Aditya Birla AMC considering IPO, may join fund houses in opting to list

Sun Life AMC, India’s fourth largest asset management company (AMC), is considering launching an initial public offering (IPO), said its parent firm on Wednesday, joining a slew a fund houses that listed recently.

“The board of directors of Capital at its meeting held on March 17, 2021, have provided in principle approval to explore an initial public offering of Sun Life AMC, a material subsidiary of the company subject to market conditions, receipt of applicable approvals and other considerations,” said Aditya Birla Capital in a stock exchange notification.

Aditya Birla Capital holds 51 per cent in the AMC and the remaining 49 per cent is with Sun Life, a Canadian financial services firm.

HDFC AMC, Nippon AMC and UTI AMC had IPOs: shares of the three listed AMCs currently trade above their IPO price.

SBI AMC, India’s largest asset manager, is said to be planning an IPO. The fund house is a joint venture between State Bank of India (SBI) and France’s Amundi Asset Management.

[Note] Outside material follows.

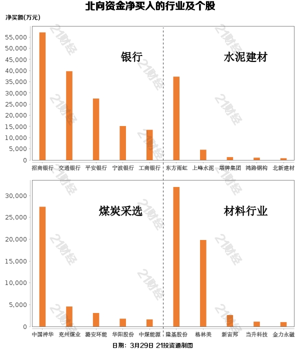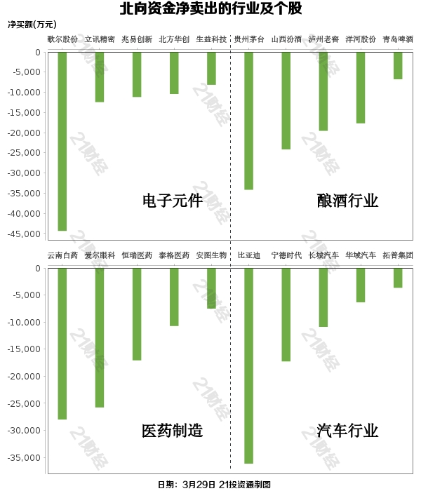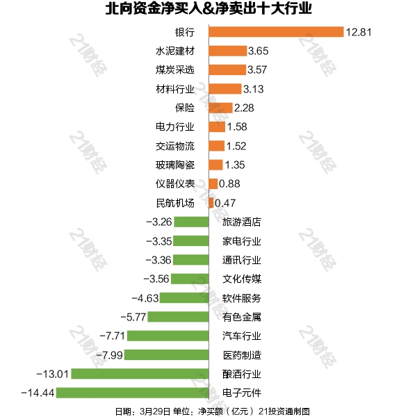据21投资通(微信号ID:touzit21)智能监测,3月29日,北向资金净卖出58.43亿元,其中沪股通净卖出26.4亿元,深股通净卖出32.03亿元。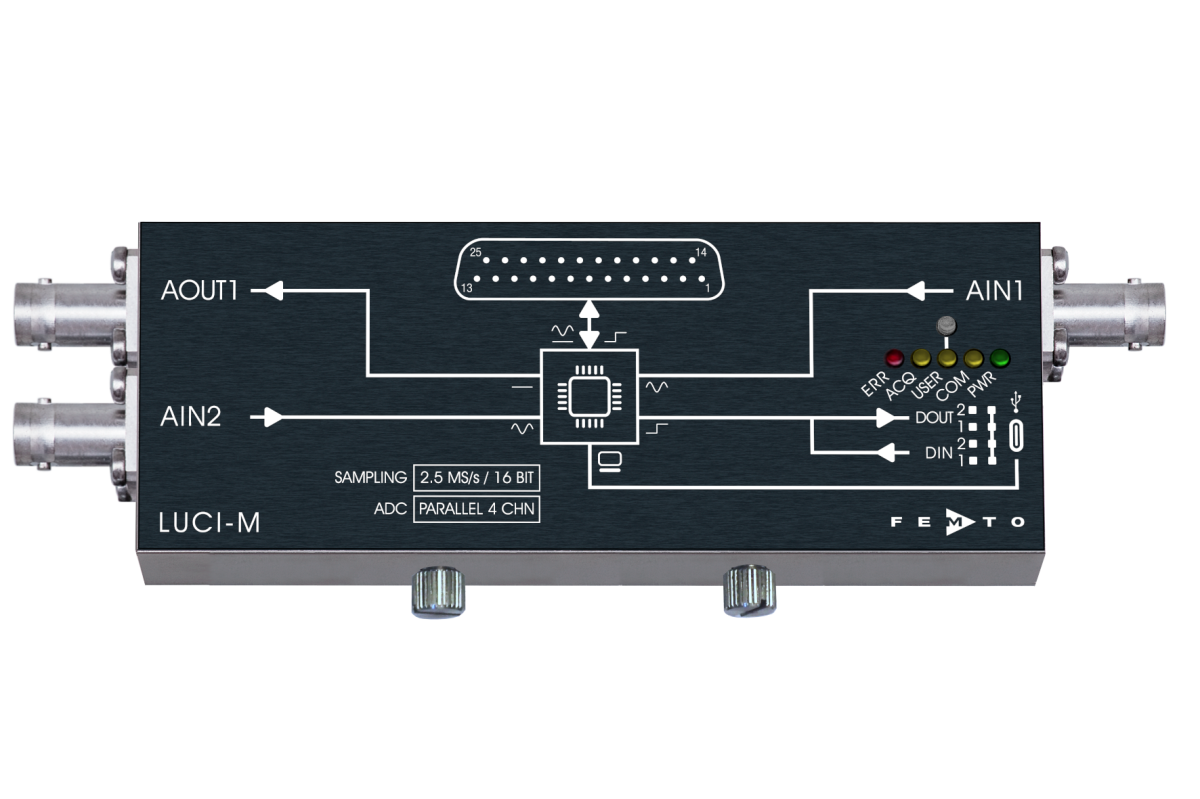 Merkmale: 16-Bit-ADCs digitalisieren die Messwerte mit einer Bandbreite von bis zu 1,1 MHz. Je nach Modell stehen zwei oder vier synchron erfassende ADCs für die Mehrkanal-Signalmessung mit präziser zeitlicher Zuordnung zur Verfügung. Drei 12-Bit DACs steuern externe Geräte oder dienen als Bias-Spannungsquelle. 24 digitale I/Os lesen Status- und Alarmsignale und schalten externe Peripherie. LUCI-M kann fest mit FEMTO-Geräten mit D-Sub-25-Anschluss, etwa dem DLPCA-200, verbunden werden. So fügen sich LUCI-M und Verstärker/Fotodetektor zu einem kompakten Gerät zusammen.

“The fact is that Aditya Birla Sun Life AMC in absence of a major distribution partner it has been able to become quite a sizable entity. They have grown the business with sincerity and they are not flamboyant. These are some of the advantages of the fund house. The IPO will unlock huge value for the fund house,” said Dhirendra Kumar, CEO at Value Research.

A diversified channel mix and continued investment in expanding the distribution network has led to steady gains in market share over FY 2014-18 (equity-oriented market share of 9.2 per cent, up 320 bps during the period), said Kotak Institutional Equities recently in a note.

Aditya Birla Sun Life AMC delivered annualised profit growth of 26 per cent over the past decade underpinned by 15 per cent annualised growth in assets under management (AUM). The fund house had posted net profit of Rs 147 crore for the quarter ended December. It’s average AUM stood at Rs 2.55 trillion for the December quarter.

Typically, leading fund houses have sound fundamentals and yield high return on equity (RoE). Over the long term, they benefit from operating leverage and high profit margin. However, over the past few years regulatory tightening by market regulator Sebi and focus on lowering costs have weighed on the performance of some players.